I would like to say something on this. I tried to become a computer programmer but even with a bachelors in Information Technology I could not figure out what I was supposed to do. This was my experience but almost I saw had multi-skill requirements. Each skill required x amount of experience. This was just one problem I encountered. One day I decided to see what other people had to say. Guess what I found? IT is not a viable career.
http://techtalk.dice.com/t5/IT-CS-Stude ... d-p/198233
http://www.itbusinessedge.com/cm/blogs/ ... /?cs=42143 For this, look through the previous hyperlinked postings in the previous articles.
If I am wrong and other aspies were able to get into it I do not know nor understand what their methods were. If these postings are true then all we're getting is a whole bunch of hype which is not true at all.
I applied for garbage man, bagger at Publix and cashier at Wal-Mart amongst other things and I did not receive a phone call back. In fact, I even tried applying at the geek squad and I received the exact same result. I even called the places back to see what was going on. I received the exact, same canned message from all of them and this was from managers. They said that if we need you, we would select you from the pool of the candidates from the application you filled out online. In addition, they said it depends upon your personality test results as well.
I got a job that only lasted a week and a half. They said it was because I was going to slow. This is from my point of view. The job was to set up computers in different schools around the county. The computers, monitors and perphials were still in their boxes. They would be taken out of the boxes and set up at the schools. One of the things we had to do was put the computers and monitors on the carts. They would stack the computers way past the handle on the cart.
This is an approximation of what the cart looked like. http://www.lkgoodwin.com/more_info/fold ... ucks.shtml
It was about 4-5 boxes past the handle. We had to roll it on a steep incline to get on the sidewalk.
Here was another issue that I encountered. In each of the classrooms, we had to set up 5-6 computers on small tables which was not designed to accommodate them. They wanted me to make it neat as well.
Here is another juicy one. After I was fired after a week and a half I went to put forth a complaint at EEOC. It was completely useless. I told them they did not tell me that there was a pace at all and I did not know at all. I tried to tell them all of this and filed a discrimination complaint. They would not listen. They told me the most lamest and bullshittest answer I have ever received. They told me that since our state is a right to work state, I am not entitled to knowing the rules of the workplace including what the pace is and if there is a pace. I can't follow rules I am ignorant of contrary to what this positivity nonsense in America says.

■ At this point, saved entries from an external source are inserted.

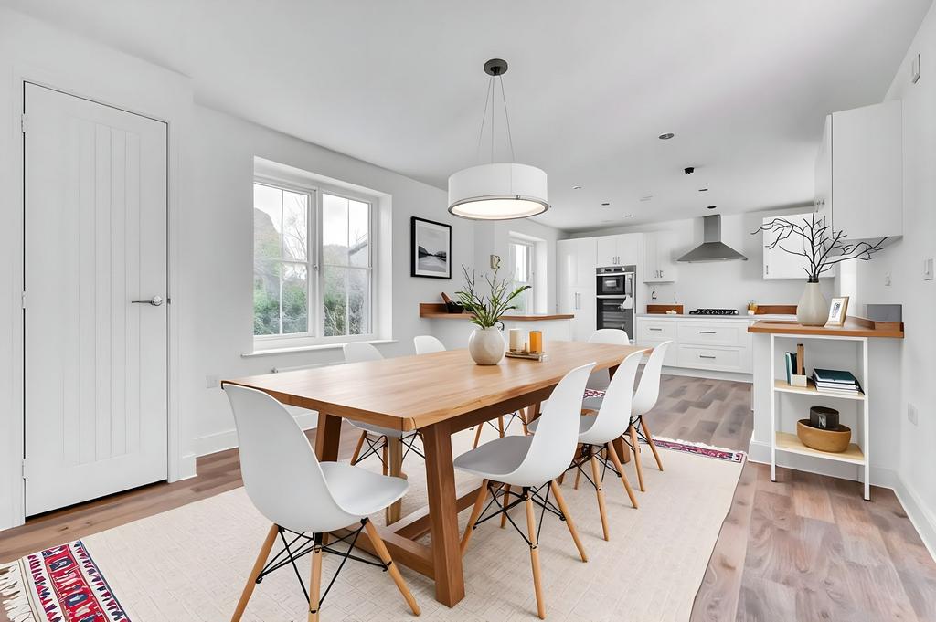 A dual-aspect lounge, also with French doors to the garden, provides a spacious and welcoming place to relax, while the separate dining room offers versatility, ideal as a formal dining space, home office, playroom, or TV room.
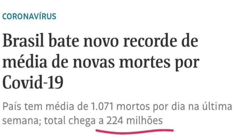 O jornal Folha de São Paulo voltou a ser motivo de piada entre os internautas. Ao atualizar, como de costume, o número de mortos da Covid-19 no Brasil, o veículo publicou que se tratava de um recorde em seis meses, chegando ao número de 224 milhões.
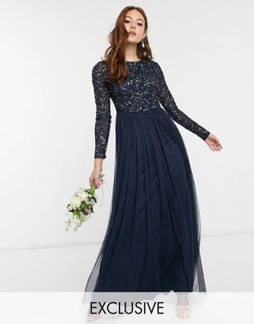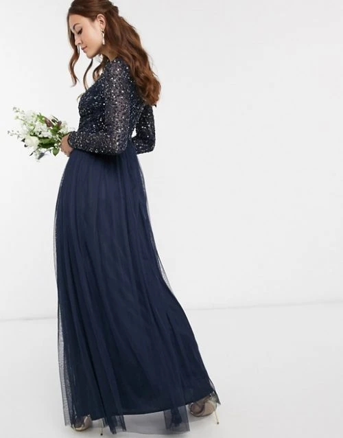 The stunning navy sequin embellished maxi dress from Maya is perfect for a bridesmaid, featuring a round neckline and cinched in waist. The feminine sequin bodice and tulle maxi skirt adds the perfect finishing touch. Team with heels and a slim clutch for ultimate elegance.
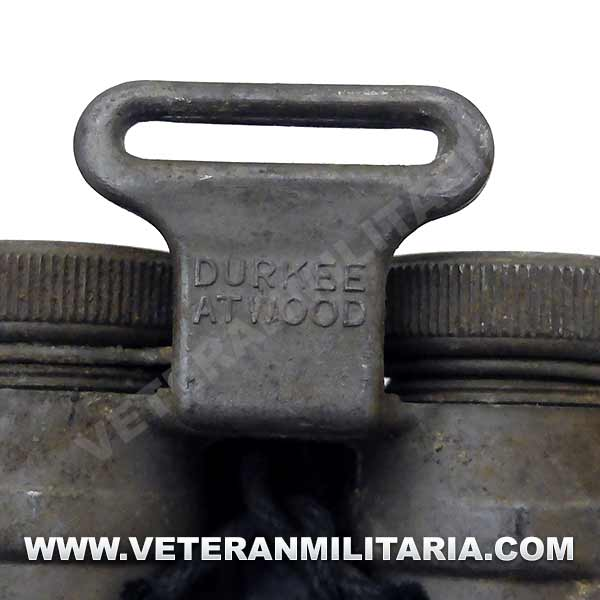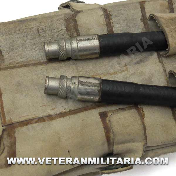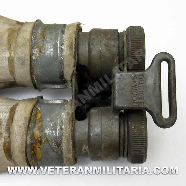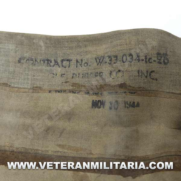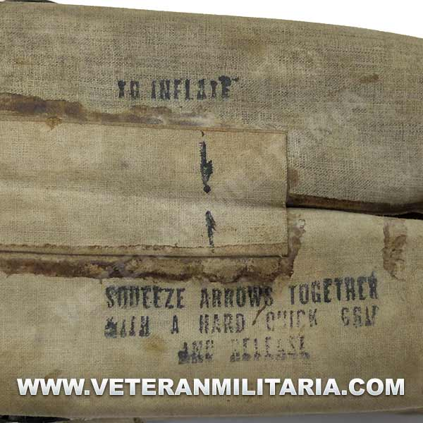 Cinturón de flotación inflable M1926, fabricado por Durkee Atwood Co. Hebilla y gancho de metal, consta de dos tubos paralelos que se inflan accionando manualmente dos botes de bombonas. La fecha de fabricación 1944. El cinturón conserva su flexibilidad.
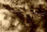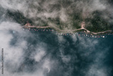 Fog covering mountains and water while showing traditional floating houses on Drina river in Tara natural park with a winding road along
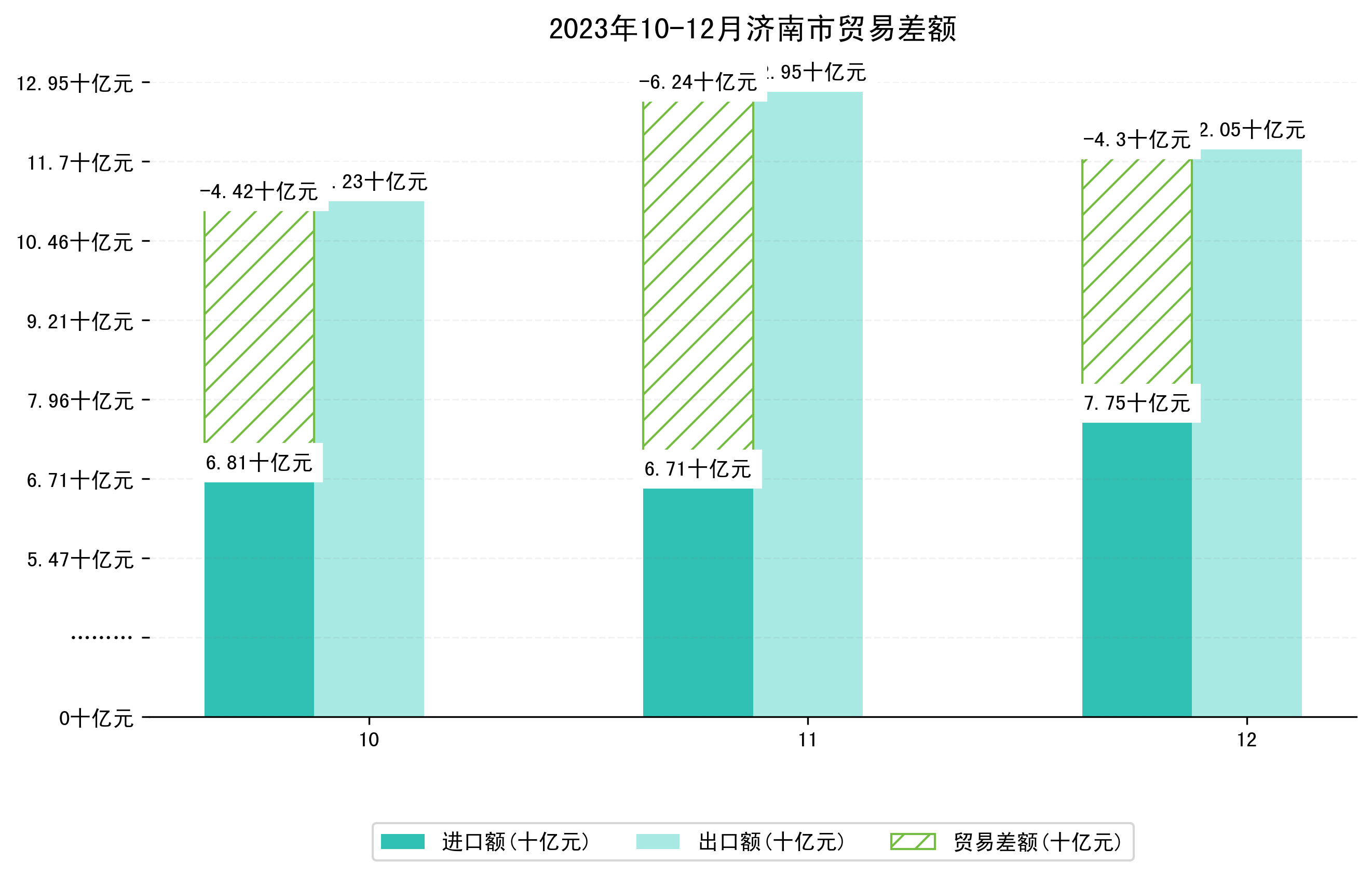 (图四:2023年10-12月济南市贸易差额)
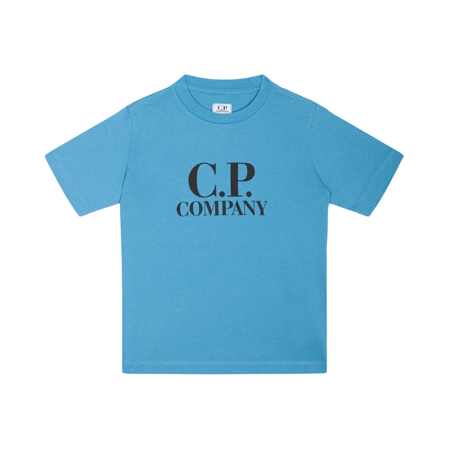 C.P. Company Kids Light Blue T-Shirt. Light blue cotton t-shirt, jersey texture, ribbed crew neck. Short sleeves, logo print to the front, signature Goggles print to the rear and straight hem.

If this is the truth then there is no possible way I can make it in employment at all and I have no qualms about collecting SSDI. SSDI is not a welfare program nor an entitlement program. Money was taking out of the previous jobs I was able to work at. I feel that I earned my SSDI fair and square from my own money that I put in. I feel that I am entitled to every penny of my SSDI check. I feel I worked hard at trying and failing to get this check.
Princess BeeBee, I really believe we live in a dysfunctional and dying culture.
I just wish he would try a few things. If he doesn't think he will like it, end of discussion. He admits he gets bored and lonely but he doesn't make any effort to change his routine. I am just letting him make his own decisions and hoping he will decide he is sick of his life as it is and finally make some changes. I have to keep reminding myselfe that with Asperger's he will not do things the way I would, so I have to let him do his own thing. I just keep giving him love and not putting pressure on him like I used to. I don't expect him to be a rocket scientist. He just couldn't handle the stress of a job. I am rambling.....sorry.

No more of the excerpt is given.